Q3: Single-View Geometry and Reconstruction

Question 3.1

Given a camera matrix P, detail how you can obtain the camera center C and the rotation matrix R without knowing the intrinsic parameter matrix K.

Solution 3.1

The camera matrix P is a $3 \times 4$ matrix that can be decomposed as $P = K [R | t]$ , where K is the $3 \times 3$ intrinsic matrix, R is the $3 \times 3$ rotation matrix, and t is the $3 \times 1$ translation vector. This can be written as $P = [K R | K t]$ .

Finding the Camera Center: The camera center C is the point in 3D space that projects to the null-space of P. That is, $P C = 0$ . Since P is $3 \times 4$ , its null-space is one-dimensional, so C is uniquely determined up to a scale factor.
Finding the Rotation Matrix: Without knowing K, we cannot directly recover R. However, we can use the fact that the first $3 \times 3$ submatrix of P, let's call it $M = K R$ , is the product of an upper-triangular matrix (K) and an orthogonal matrix (R). We can use a QR decomposition on $M^{- 1}$ . If $M^{- 1} = R_{q r} K_{q r}$ , where $R_{q r}$ is orthogonal and $K_{q r}$ is upper-triangular, then $M = K_{q r}^{- 1} R_{q r}^{- 1}$ . From this, we can identify $R = R_{q r}^{- 1}$ and $K = K_{q r}^{- 1}$ .

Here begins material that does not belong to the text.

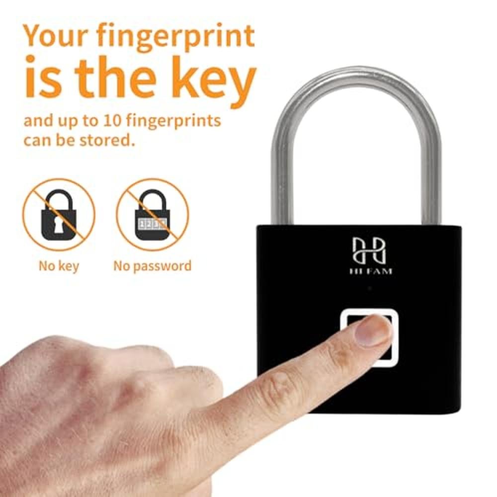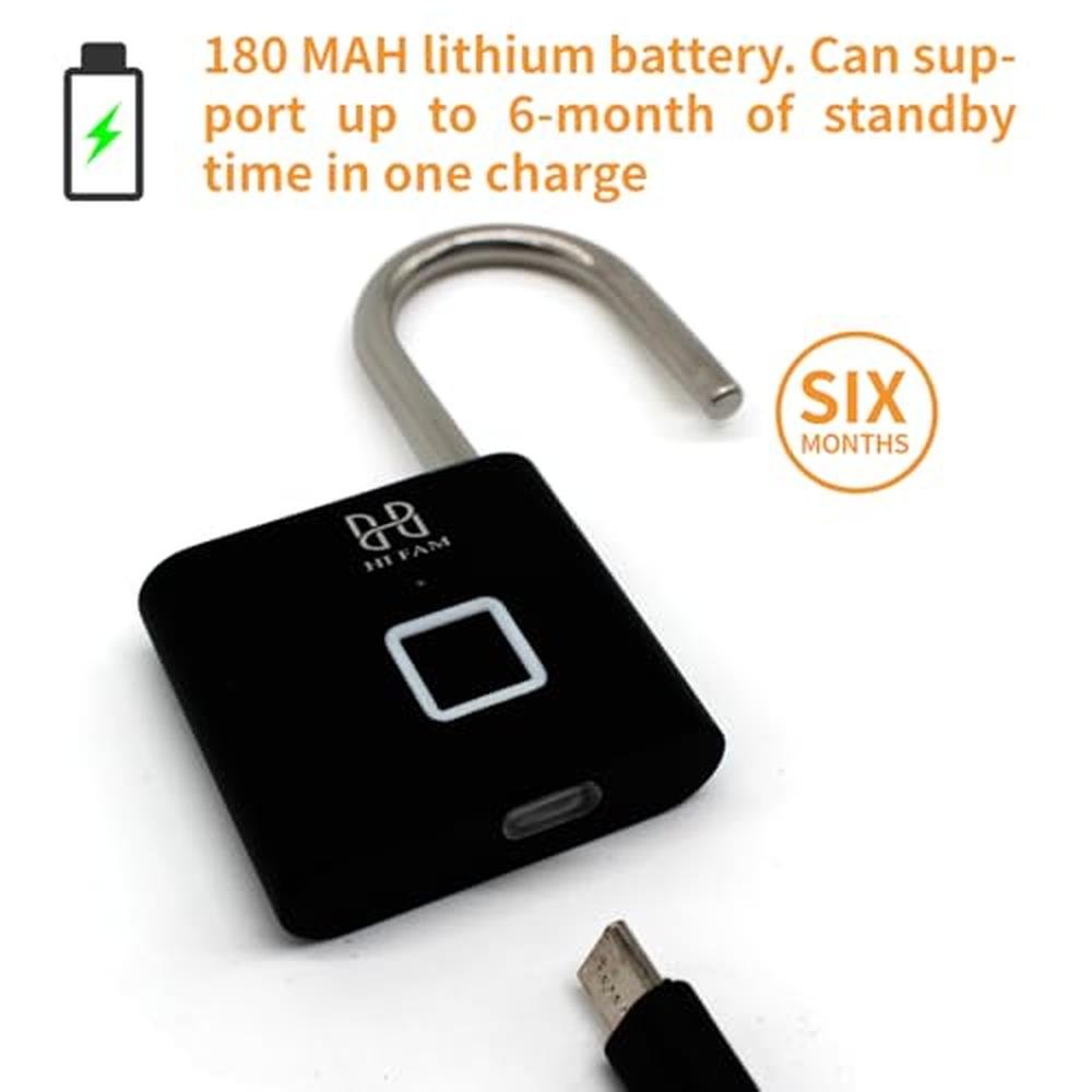 Premium Grade HIFAM Fingerprint Padlock | Keyless Biometric Gate Lock | USB Rechargeable Black
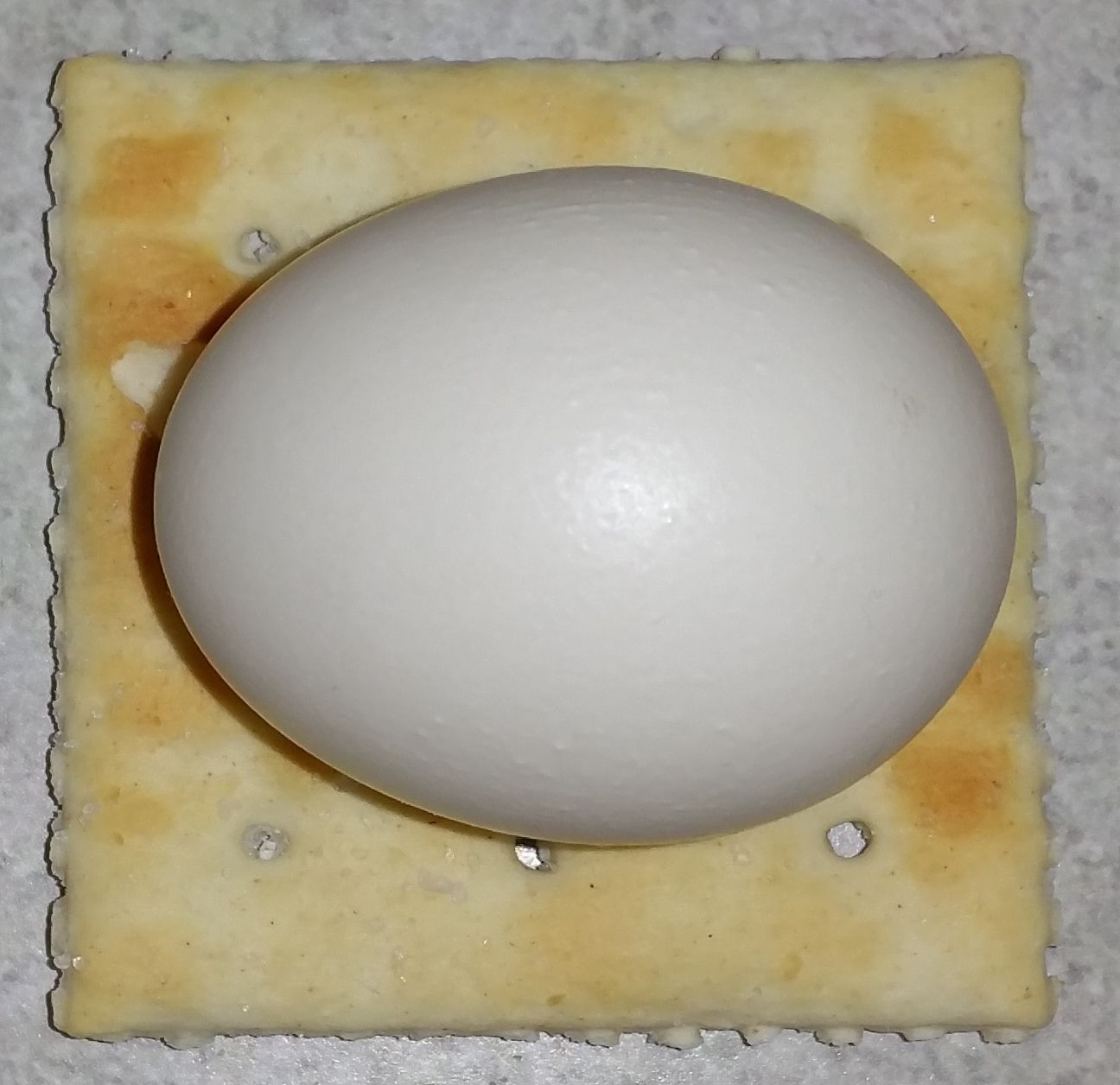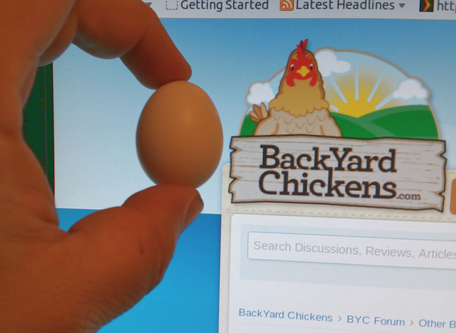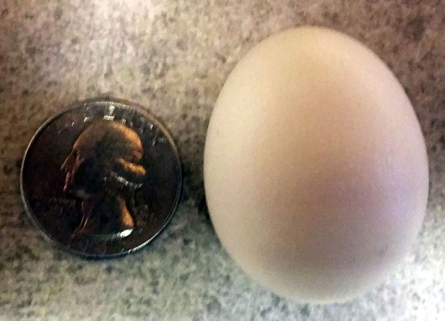 Tevye eats a lot of the free choice oyster shell (goofball) and occasionally I've found him sitting in a nesting box. I've found two eggs like this (20g) and attributed them to him.

Alternatively, we can use the property that $R R^{T} = I$ .

M M^{T} = (K R) (K R)^{T} = K R R^{T} K^{T} = K K^{T}

This equation relates the known matrix $M M^{T}$ to the unknown intrinsic matrix K. Since $K K^{T}$ is symmetric, we can solve for K (up to the sign ambiguities inherent in Cholesky decomposition). Once K is found, R can be recovered simply as $R = K^{- 1} M$ .

Question 3.2

State and justify the cases when the 3D reconstruction obtained from two views is (a) Unambiguous (b) Up to an unknown scaling factor (c) Up to an unknown projective transformation.

Solution 3.2

(a) Unambiguous (Euclidean) Reconstruction:
Reconstruction is unambiguous (up to a global rigid motion) when the intrinsic matrices of both cameras ( $K_{1}, K_{2}$ ) and the relative extrinsic parameters (rotation R, translation t) between them are all known. With this information, the camera matrices $P_{1} = K_{1} [I | 0]$ and $P_{2} = K_{2} [R | t]$ are fully defined. Corresponding image points can be back-projected into 3D rays, and their intersection gives the unique 3D point.

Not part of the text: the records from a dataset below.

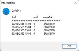 สามารถตรวจสอบรายการที่พักบิลได้โดยกดปุ่มสอบถามบิลที่พักได้ หน้าจอจะแสดงรายการบิลที่พักค้างไว้ในวันทั้งหมด
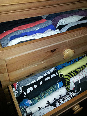 Διπλώστε τα ρούχα σας και τοποθετήστε τα κάθετα στο συρτάρι, ώστε και χώρο να κερδίσετε και να τα επιλέγετε πιο εύκολα (όταν τοποθετούνται οριζόντια, το ένα πάνω στο άλλο, συνήθως δεν βλέπουμε ποτέ τα κάτω-κάτω ρούχα).
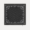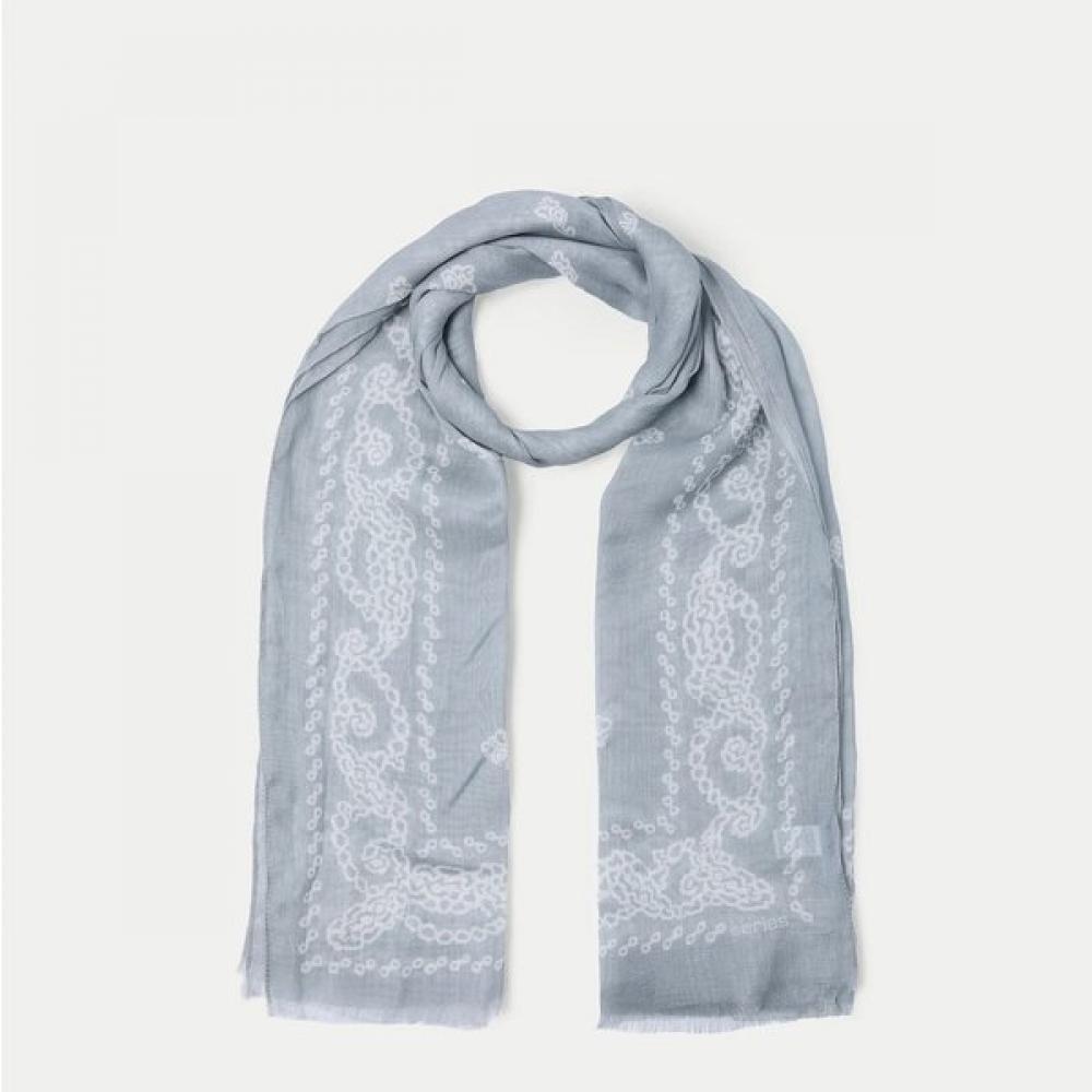 The [series;] mid-length bandana pattern muffler is characterized by a gray base with a sophisticated bandana pattern. Made of soft taion material, it is lightweight and comfortable to wear, and its fringe finish adds elegance. It can be styled in various ways, making it an item to complete a chic look.

(b) Up to an Unknown Scaling Factor (Metric Reconstruction):
Reconstruction is determined up to a scale factor when the intrinsic matrices ( $K_{1}, K_{2}$ ) are known, but the relative motion (R, t) is unknown. In this case, we can estimate the Essential Matrix (E) from 2D point correspondences. The Essential Matrix can be decomposed to find R and t, but the translation vector t can only be recovered up to a scale. Since the magnitude of the translation (the baseline) is unknown, the absolute scale of the reconstructed 3D scene is also unknown.

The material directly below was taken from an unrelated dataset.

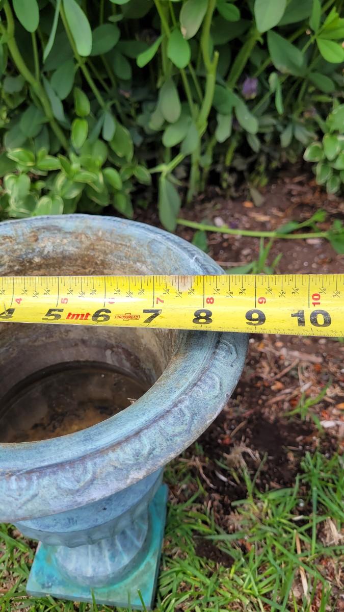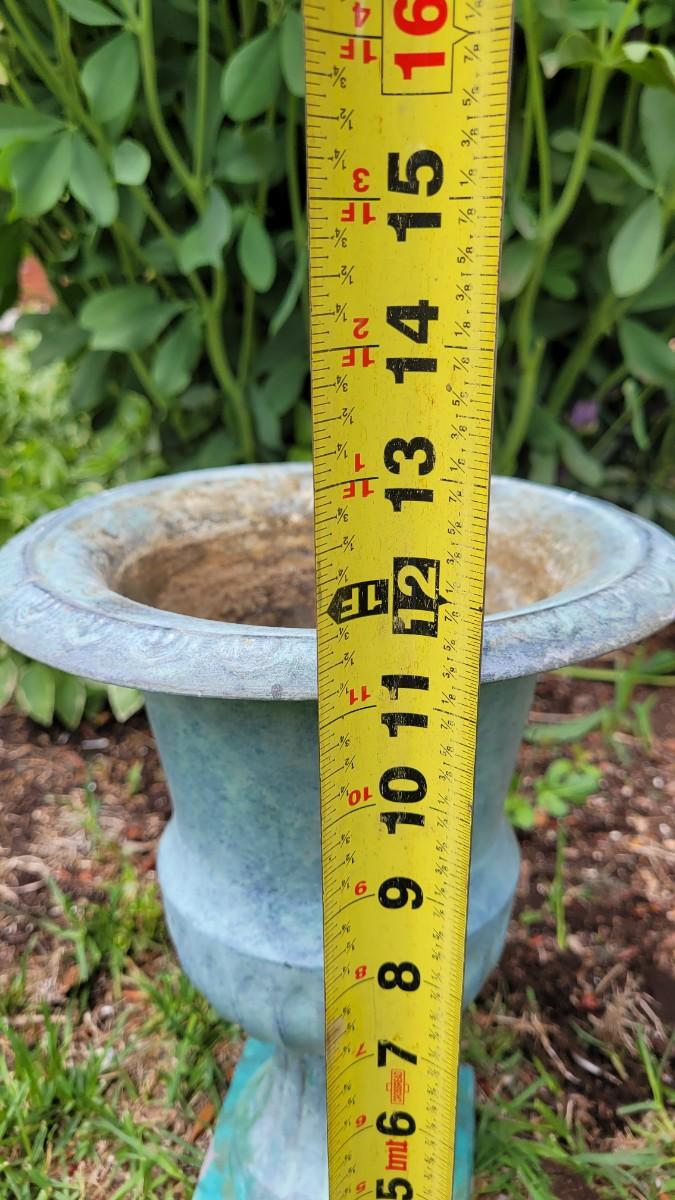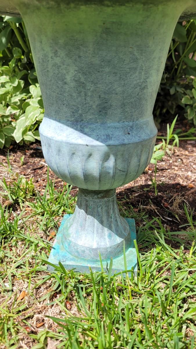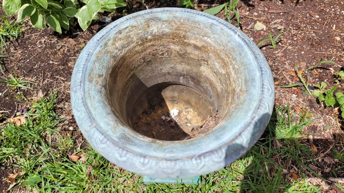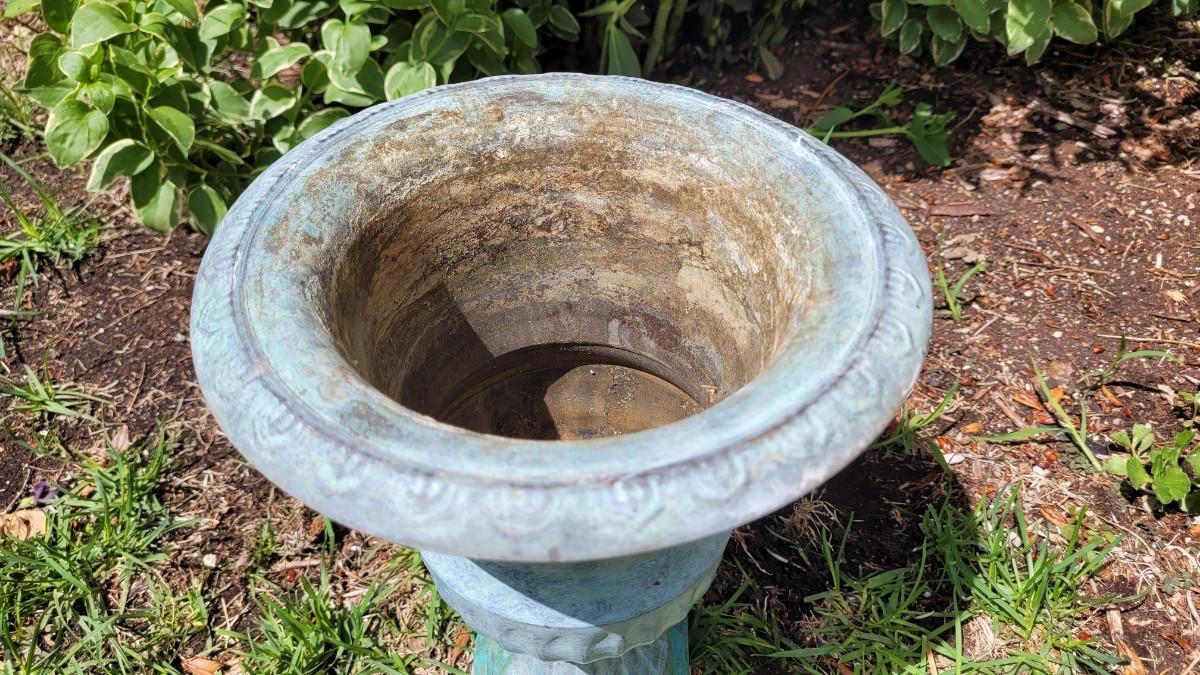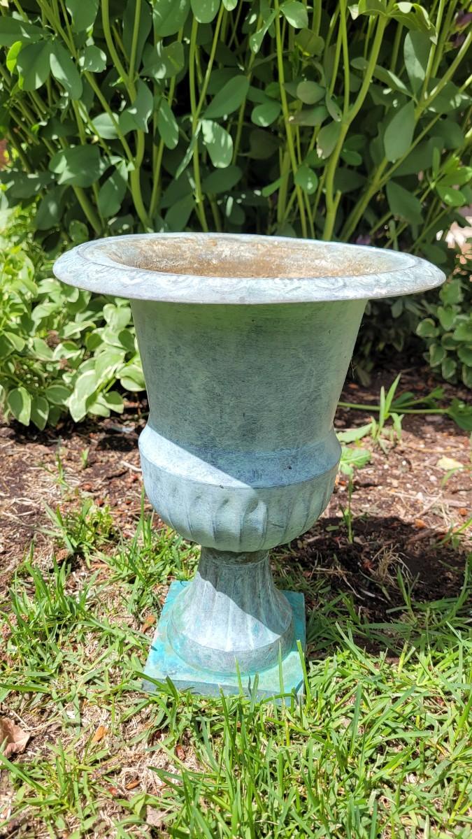Does not have a drainage hole. Thin, lighter metal Garden Urn.

( c ) Up to an Unknown Projective Transformation:
Reconstruction is only determined up to a projective transformation when the intrinsic ( $K_{1}, K_{2}$ ) and extrinsic (R, t) parameters are all unknown. With only 2D point correspondences, we can only estimate the Fundamental Matrix (F). The Fundamental Matrix does not encode the full Euclidean geometry of the scene. Since F is determined only by image point correspondences, there is a projective ambiguity in the reconstruction; any non-singular $4 \times 4$ matrix H applied to the scene points and camera matrices will result in the same image points ( $x = P X = (P H^{- 1}) (H X)$ ).

Q4: Essential Matrix

Question

Two cameras fixate on a point P in 3D space such that their optical axes intersect at this point. Show that the $E_{33}$ element of their associated Essential matrix E is zero.

Solution

When a camera fixates on a point, its optical axis passes through that point. The optical axis intersects the image plane at the principal point. If both cameras fixate on the same 3D point X, it means that X is imaged onto the principal point of each camera.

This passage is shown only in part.